Only members themselves may reside on Club property. It is expressly forbidden that buildings or property be rented or used by non members. Non members shall include adults within a Club member’s own family except his/ her spouse.

In spite of this provision, Monasco’s brother, Larry Monasco, has been living with Monasco at his lake house, together with Monasco’s adult son, Ace Monasco. Larry took up residence with Monasco after the sale and continued to live with Monasco almost two years hence. Unhappy with this state of affairs, the Club filed *830 a declaratory judgment action, asking the court to declare the bylaws to be an enforceable contract between the Club and Monasco, which prohibit Monasco from permitting Larry, or any other adult person not the spouse of Monasco, from residing on the property. In addition, the Club asked the court to enjoin Monasco from permitting Larry, or any other adult person not the spouse of Monasco, from residing on the property. After a bench trial, the trial court entered judgment granting the requested relief and filed findings of fact and conclusions of law.

II. ANALYSIS

Monasco disputes the legal and factual sufficiency of the evidence to support the trial court’s finding that he is bound by Article IV, Section 5 of the Club’s bylaws, which prohibits any adult person not his spouse from residing on Club property. This finding is based on the premise that the Club’s bylaws are an enforceable contract between Monasco and the Club. Mo-nasco claims that he is not bound by the bylaws because there is no signed, written document indicating his assent to be so bound. Therefore, Monasco claims the trial court erred in failing to apply the statute of frauds. The trial court found that Monasco merely purchased personal property and, therefore, concluded that the statute of frauds was not applicable to this transaction. Finally, Monasco claims that even if he purchased only personal property, the statute of frauds nevertheless applies because performance of the contract could not be accomplished within one year. We affirm the judgment of the trial court.

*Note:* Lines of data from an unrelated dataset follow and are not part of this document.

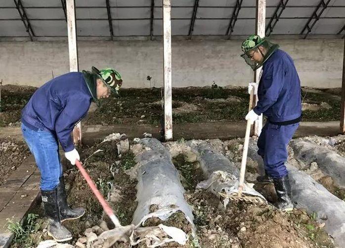 所以夏天进大棚,就要准备好冲锋衣、防蚊面具和手套。“即使这样,一趟回来被叮一二十个包也是很正常的。”杨启军说,“夏季大棚里的温度很高,反正场站里都是男同事,实在受不了了,就干脆光着膀子干,叮就叮吧。”
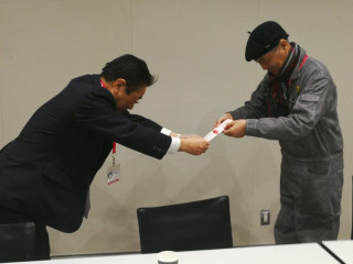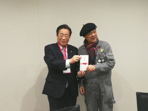 相馬で気仙沼さんま寄席の報告 「相馬で気仙沼さんま寄席」の報告で、一緒にツアーをつくってくださったJTBさんが来社くださいました! (なのに写真を撮り忘れたので、いただいたカレンダーで一枚‥‥。) 生活のたのしみ展があり株主総会があり、去年のことのように思えますね、なんて話をしながら、9月のあの日のことを懐かしみました。 相馬の立谷市長は生活のたのしみ展に! サイトではお伝えしていますが、直接市長に寄付額をご報告です。 普段は陽気な市長も、こういう場面ではしっかりモード。 でもまたすぐにいつもの調子で、地球儀を買ってくださったり、相馬での取組みを教えてくださったり、一瞬なのに濃密で大笑いの時間でした。 「また、相馬市に来てくださる方々のためにお使いください!」と最後に目録をお渡ししました。 個人的には、また相馬に行くときはあんざい果樹園で果物がりをして、浜通りでおいしいものを食べて、パークゴルフで「さんま寄席杯」を開催したいです。 これにて「相馬で気仙沼さんま寄席」 やっと一段落です。 写真の振返りは懐かしい気持ちになれるので、ぜひ年末ゆっくりおたのしみくださいね。 台風もありどうなることかと思いましたが、会場での笑い声が力になりました。 みなさん、ありがとうございました〜! 2017/12/19 17:00 |
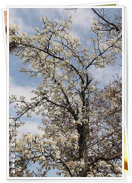 這是蟠桃旁的日本富士櫻,跟阿里山的櫻王一樣,都是開得旺盛雪白,這時候拍比剛來的時候拍,顯得輕鬆愉快許多
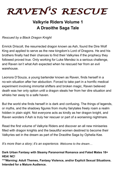 Read Raven's Rescue, the first volume of Valkyrie Riders, and discover an all-new miniseries filled with dragon knights and the beautiful women destined to become their Valkyries, set in the dream as part of the Draoithe Saga by Ophelia Kee.

A. Reviewing Evidentiary Sufficiency

An appellate court conducts a legal and factual sufficiency review of a trial court’s findings by the same standards applied when reviewing evidence supporting a jury’s verdict. Catalina v. Blasdel, 881 S.W.2d 295, 297 (Tex.1994); Long v. Long, 196 S.W.3d 460, 464 (Tex.App.-Dallas 2006, no pet.). Findings of fact entered in a case tried to the court are of the same force and dignity as a jury’s answers to jury questions. Ortiz v. Jones, 917 S.W.2d 770, 772 (Tex.1996).

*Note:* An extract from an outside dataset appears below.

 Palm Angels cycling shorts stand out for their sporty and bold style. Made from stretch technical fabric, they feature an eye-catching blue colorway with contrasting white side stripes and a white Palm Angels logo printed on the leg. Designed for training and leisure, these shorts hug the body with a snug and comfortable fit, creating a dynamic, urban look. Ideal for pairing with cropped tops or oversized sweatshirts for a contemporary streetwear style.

In reviewing a legal sufficiency complaint of an adverse finding on which the appellant did not have the burden of proof, the appellant must demonstrate on appeal that no evidence supports the adverse finding. Croucher v. Croucher, 660 S.W.2d 55, 58 (Tex.1983); Cendant Mobility Sews. Corp. v. Falconer, 135 S.W.3d 349, 352 (Tex.App.-Texarkana 2004, no pet.). We will sustain such a challenge only when the record discloses: (1) a complete absence of evidence of a vital fact; (2) the court is barred by rules of law or evidence from giving weight to the only evidence offered to prove a vital fact; (3) the evidence offered to prove a vital fact is no more than a mere scintilla of evidence; or (4) the evidence established conclusively the opposite of a vital fact. Merrell Dow Pharms. v. Havner, 953 S.W.2d 706, 711 (Tex.1997) (citing Robert W. Calvert, “No Evidence and “Insufficient Evidence Points of Error, 38 Tex. L.Rev. 361, 362-63 (I960)). If the evidence furnishes some reasonable basis for differing conclusions by reasonable minds about a vital fact’s existence, more than a scintilla of evidence exists. Burroughs Wellcome v. Crye, 907 S.W.2d 497, 499 (Tex.1995).

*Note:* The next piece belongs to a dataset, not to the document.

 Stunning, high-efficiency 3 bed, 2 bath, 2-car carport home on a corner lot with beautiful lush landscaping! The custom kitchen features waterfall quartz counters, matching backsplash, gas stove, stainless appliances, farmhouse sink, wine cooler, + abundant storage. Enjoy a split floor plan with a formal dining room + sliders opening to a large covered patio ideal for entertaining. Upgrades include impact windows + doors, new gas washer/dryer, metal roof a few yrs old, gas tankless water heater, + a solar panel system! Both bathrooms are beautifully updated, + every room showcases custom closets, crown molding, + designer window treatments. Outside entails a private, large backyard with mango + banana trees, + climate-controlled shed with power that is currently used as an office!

When challenging the factual sufficiency of the evidence supporting an adverse finding on which the appealing party did not have the burden of proof, the appellant must demonstrate that there is insufficient evidence to support the adverse finding. Barnett v. Coppell N. Tex. Court, Ltd., 123 S.W.3d 804 (Tex.App.-Dallas 2003, pet. denied). The evidence is sufficient to support the adverse finding if the evidence is *831 such that reasonable minds could differ on the meaning of the evidence, or the inferences and conclusions to be drawn from the evidence. Falconer, 135 S.W.3d at 352. A challenge to the factual sufficiency of the evidence will be sustained if the evidence is so weak or the verdict is so contrary to the overwhelming weight of the evidence as to be clearly wrong and unjust. Cain v. Bain, 709 S.W.2d 175, 176 (Tex.1986).

B. The Contract

Monasco maintains that the Club lacked the authority to enforce the provisions of its bylaws against him.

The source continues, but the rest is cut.